Hinweis:
Dieser Reisebericht beinhaltet meine
persönlichen Erlebnisse und Gedanken während unserer
Weihnachts-Kreuzfahrt 2011. Wer technische Details bzw.
landeskundliche Informationen sucht möchte bitte die einschlägigen
Internetseiten aufsuchen.
Vorfreude:
Die Idee zu dieser Kreuzfahrt entstand
Weihnachten 2010 als meine Mutter und ich beschlossen, das Fest im
kommenden Jahr einfach mal ganz weit weg fern der Heimat zu
verbringen. Im Frühjahr 2011 wurde dann der Costa-Katalog nach
möglichst günstigen Kreuzfahrten in der Weihnachtszeit durchstöbert
– frei nach dem Motto: Route egal, Schiff egal, Hauptsache WEG -
und schnell entdeckten wir die Fahrt zu den „malerischen Küsten
des Mittelmeers“ mit der Costa Concordia. Mir persönlich gefiel
die Route ganz gut - Malta stand schon längere Zeit auf meiner
Wunschliste und ich würde auch endlich den 3. Anlauf zur Aktion
„Stadion“ starten können. Auch die Männer waren mit unserer
Wahl einverstanden (bzw. ihnen blieb ja auch nichts anderes übrig^^)

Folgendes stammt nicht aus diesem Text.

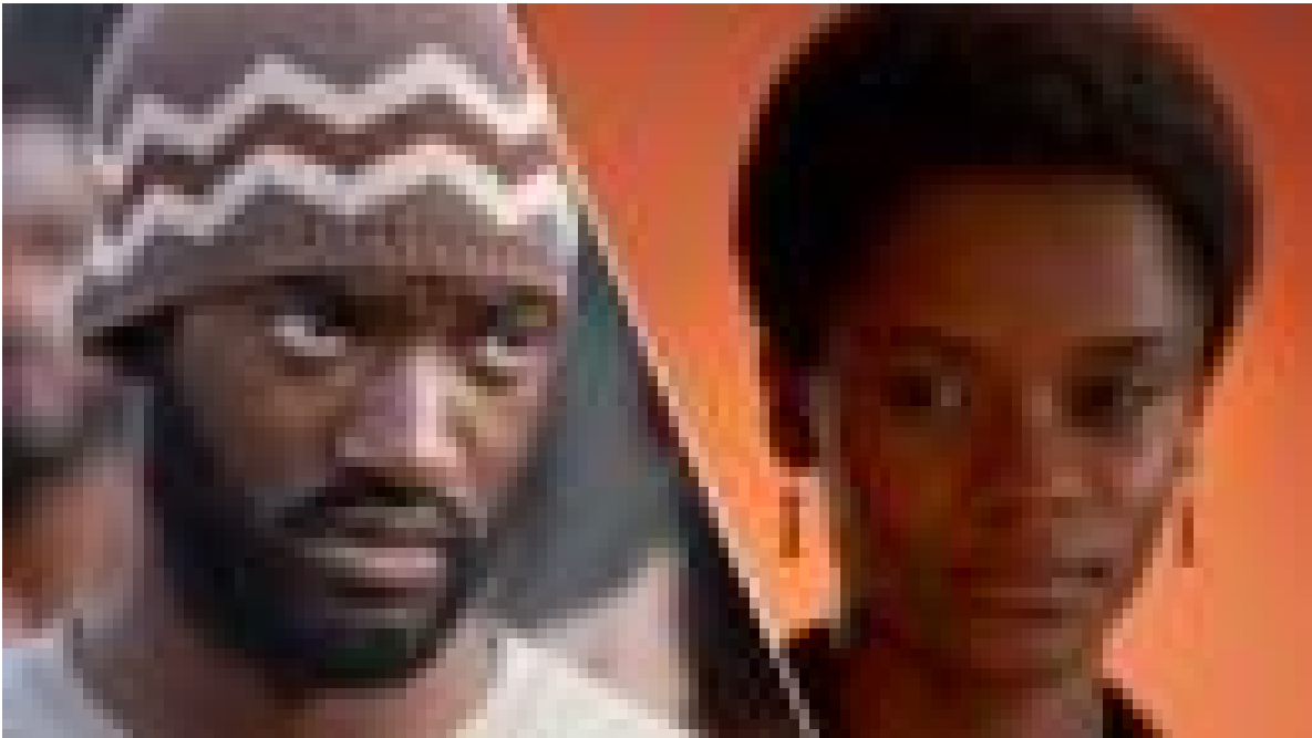
From Academy Award winner Steve McQueen

Small Axe: Five must-see personal stories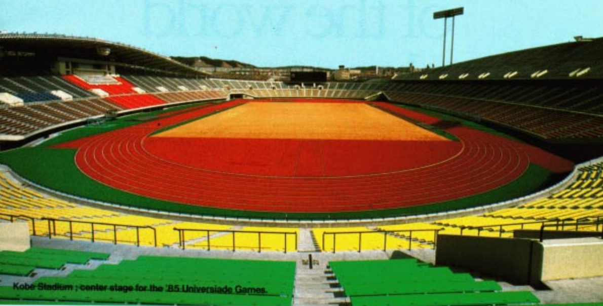
Kobe Stadium ; center stage for the '85 Universiade Games.

The main stadium will be in the spotlight, and Mizuno will be in the wings, supporting the finest athletes and officials of this on going drama of speed and skill with the finest equipment.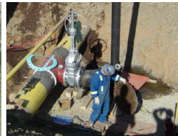
NOVA Firewater System Replacement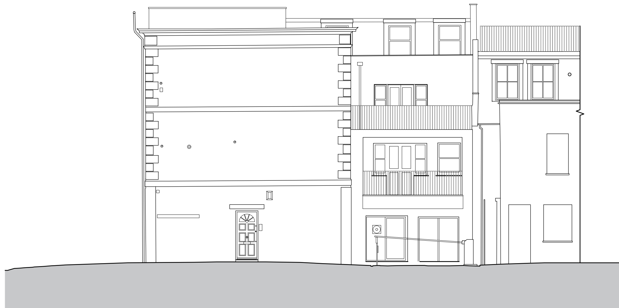
1 EXISTING ELEVATION 3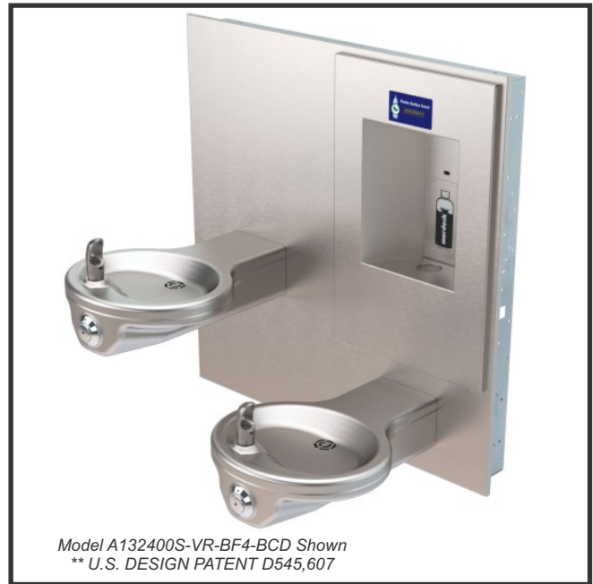
Model A132400S-VR-BF4-BCD Shown ** U.S. DESIGN PATENT D545,607

1 - Refer to Supplemental Submittal Sheets for Details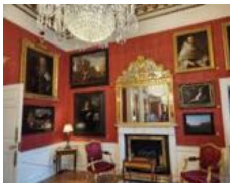
The majestic Dublin Castle, inside and out!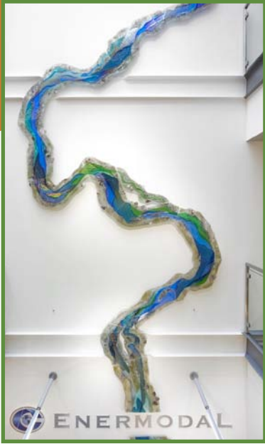
A Grander Flow by Deanna Marsh.

Other features implemented at A Grander View that contribute to the building's environmental sustainability include the following: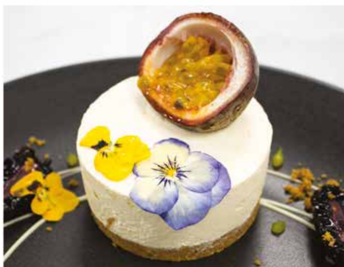
Decoration theme: Wedding

und schnell war es beschlossene Sache, dass sich im Dezember 2011 die
ganze „Familie“ auf den Weg ins Mittelmeer machen würde: meine
Mama und ihr Freund Hermann, mein Mann Gerald, unser bester Freund
Jens und natürlich meine Wenigkeit.
Nachdem ich mit Gerald und Jens im Juli
das Nordkap erobert hatte verging die Zeit wie im Flug und schon war
es auch wieder so weit, die Koffer zu packen. Wir hatten die An- und
Abreise wie immer über Costa gebucht und der Transfer nach München
sollte auch wie bereits im Juli mit dem Airport-Shuttle Rosenmeier
erfolgen. Wir hatten Mamas Wohnung in Lappersdorf als Abfahrtsort
gewählt und so wurde im Laufe des 18.12. sowohl das Gepäck als auch
die gesamte Gang in meine alte Heimat gekarrt. Noch vor 23 Uhr stand
dann auch unser Shuttle vor der Türe und es konnte los gehen.
19.12. 2011 – Savona
Am Busbahnhof in München/Fröttmaning
hieß es erst einmal auf den Bus von Schmetterling Reisen warten und
wir verzogen uns in einen beheizten Warteraum, um Erfrierungen an
wichtigen Körperteilen zu vermeiden. Überpünktlich starteten wir
letztendlich noch vor 0.45 Uhr Richtung Savona (mit unserem netten
Bus-Team vom Juli!!!) und ich schlummerte auch sehr bald ein.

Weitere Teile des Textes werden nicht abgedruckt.